Stretching Hurts, but It's Always Good
- Ryan Houmand
- Nov 17, 2018
- 4 min read

For the past two weeks I've been Stretched. Pulled. Pushed. Maxed out.
Several times in the past 15 days saying, "I don't want to do this anymore. I chose this course, so I can unchoose it. I can just go back to not being stretched and pushed and pulled."
Life in the comfort zone doesn't hurt you.
But it doesn't help you either.
New challenges are hard. Which is why I've been avoiding them for a while. Then one came my way completely uninvited, but when I heard about it, I knew I had to do it.
And I've been here before. A few times.
On a winter day, not too long ago, I had the same emotions. I can relive it vividly without much effort.
It's cold out, snowing lightly. I'm walking into the locker room. I'm tired. My tailbone is hurting. There's a burning in my right knee from repeated falls. I hurt pretty much everywhere, I'm physically exhausted, and the day is just beginning.
I'm in way over my head. Why did I think I could do this?
I take a deep breath and resolve that unless a miracle happens, this'll be my last day. I'll give it a shot for one. more. day.
At my locker sitting on the bench. I pull on my crash pads. I started the week without them. That was a mistake. I pull on my pants that drag on the ground without my boots I tighten the belt and sit back down. Why can't I just stay here?
I pull on my left boot, stomp the heel on the floor to make sure I'm in. Then I pull hard on the laces nearly cutting off the circulation. I repeat the process with the right boot. Then I get up in my soccer goalie stance and rock back and forth a little - the final check to make sure my boots will hold me in. It's a process.
Everybody around me seems glad to be here. They're clearly having a different experience I am. I'm too old for this. The next oldest new guy is 24 - exactly half my age.
I zip my coat to the top, because it's cold outside. I put on my helmet, pull on my gloves, make sure my pass is in my pocket.
"Here goes." I say to myself and walk over to get my snowboard from the top rack in the team gear room.
I'm out in the cold again, walking to the post. The post is where we meet for training. The post is where, if I make it that far, I'll meet my learners. I'm not going to make it that far. I'm not going to make it past today.
I'm not the last of the class to arrive at the post. There's Jerome - pronounced like Jeremy - he's from CA. A sponsored rider who's full of positivity and always encouraging me - no matter how slow I am and how long he and the class have to wait for me. He's 18, and I want to be like him someday.

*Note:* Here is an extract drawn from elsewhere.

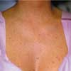 This asymptomatic acneiform outbreak erupted on the upper chest of a 24-year-old woman after she was hospitalized for an asthma exacerbation. Her medications include a nonsedating antihistamine, an oral leukotriene inhibitor, and a nonsteroidal inhaled bronchodilator.
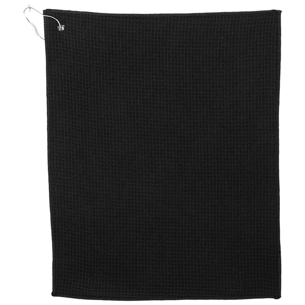 Add your corporate design to the Leed's Black 15" x 18" RPET 200g Microfiber Waffle Towel to sell at your pro shop or gift to the golfers in your life. The convenient waffle towel is sized for on-course cleaning and drying, while the metal grommet and hook can easily be attached to your golf bag for fast access.The minimum order for this product is 100 pieces.

It's not that I haven't tried. I've done all the homework, I've done all the drills, and except for the that little stretch of black diamond in the middle of one of our paths down the mountain, I've done all the terrain. I'm just much slower and much less confident than the rest of the group. I'm bravely doing everything they've asked me to do, but the rest of my team quite literally cut their teeth in the terrain park. I didn't strap on this stupid board until the year I turned 40.
What am I even doing here? Three days in, I'm exhausted, dehydrated, and bruised and aching.
The rest of my team of new instructors are here now. Maybe Jaime won't show up. Maybe they'll just send us home. Nope, there she is, ah crap.
She tells us the plan for the morning and then we head off to the high-speed quad lift. There are 7 of us in the class. We can't all ride together so Jaime sends the rest of the team up in two chairs and she rides with me.
"I know this is discouraging." she said. Apparently, I'm pretty easy to read. "But I don't want you to quit. You already know more than anyone you're ever going to teach, and I don't care if you're an expert rider. You have something I don't see in the others. I can tell you want to teach. So don't give up. We're almost through this and this is the hardest it's ever going to get."
Jaime's pretty good with the speeches.
She's also pretty good at reading people. She's right about me. I AM discouraged. But, I also do love to teach.
I decide to stick it out. Without going into much detail, it got much worse that day, but Jaime found a way to get me through it and even provide me with an experience that strengthened my resolve to stay.
For the past two weeks, I've been stretched and pulled and pushed again.
I'm in way over my head. What made me think I could do this? Some of the new tech has lapped me a few times, since I pulled into the pit a 4 years ago. But in the past two weeks, I spent the time I had to, late nights and early mornings, and I'm back in the pack.
Today, I feel like I've pushed through. Today I feel like the end of the third day of my snowboard instructor coaching. I'm bruised and sore, but I can see why I'm doing it. I'm doing it because Jaime was right. I want to teach. I've come through the hardest part. I get the opportunity to make managers better. I get the opportunity to make work better. And like Jaime said, I'm going to know more than anybody I ever teach.